Engineering: Senior Research Engineer at Timaeus (Nov 2025 – Apr 2026), building distributed GPU infrastructure for large-scale interpretability research. Before that, 20+ years in production software (ML/AI, real-time 3D, continent-scale geospatial systems). Compute infrastructure is ready: mi-ni, a Modal-based experiment-iteration template already used for M1 and an M2 pilot.
Jesse Hoogland (CEO, Timaeus) recommended an earlier fundraiser for this project; see his comment, and my reply, for details.
Links: LessWrong sequence · GitHub · LinkedIn references
Technical risk: perhaps something about transformers makes the anchor harder to form, or the intervention harder to bound, than the autoencoder results suggest. Even then, the synthetic domain keeps a negative result interpretable and publishable, which would sharpen the work that follows.

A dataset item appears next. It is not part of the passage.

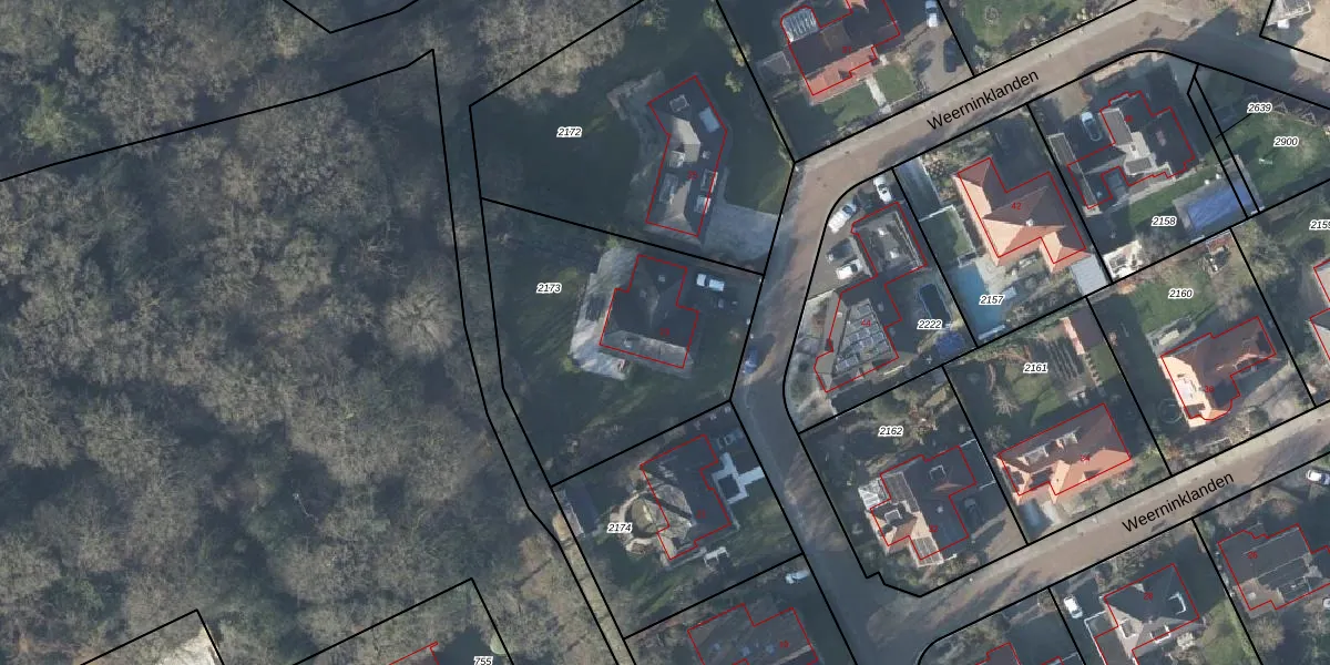 Het perceel waarop Weerninklanden 23 staat heeft een oppervlakte van 1163 m². Dit is een zeer groot perceel. De perceeloppervlakte wordt geregistreerd door het Kadaster. Gedetailleerde informatie over de maten van dit perceel kunt u vinden in het rapport Kadastrale kaart met maatvoering van Weerninklanden 23.

Outreach risk: perhaps the work succeeds but goes unnoticed. This is a risk Jesse flagged on the previous proposal, and my own main worry. Mitigations are built into the plan: legible write-ups and an arXiv report; warm introductions and endorsements from people who already know the work; and deliverables framed for uptake by feature-geometry groups and frontier-lab safety teams. I believe I have the connections to reach these people directly.
None in the last 12 months; M1 was self-funded. I have parallel applications out for the same or related work: LTFF (M2, ~$76.6k) and a Schmidt Sciences Interpretability Pilot (~$409k, 18 months, covering M2 + M3). If Schmidt funds the larger program, I'd scale back or withdraw the M2-only requests. I disclose parallel applications to every funder I'm in touch with.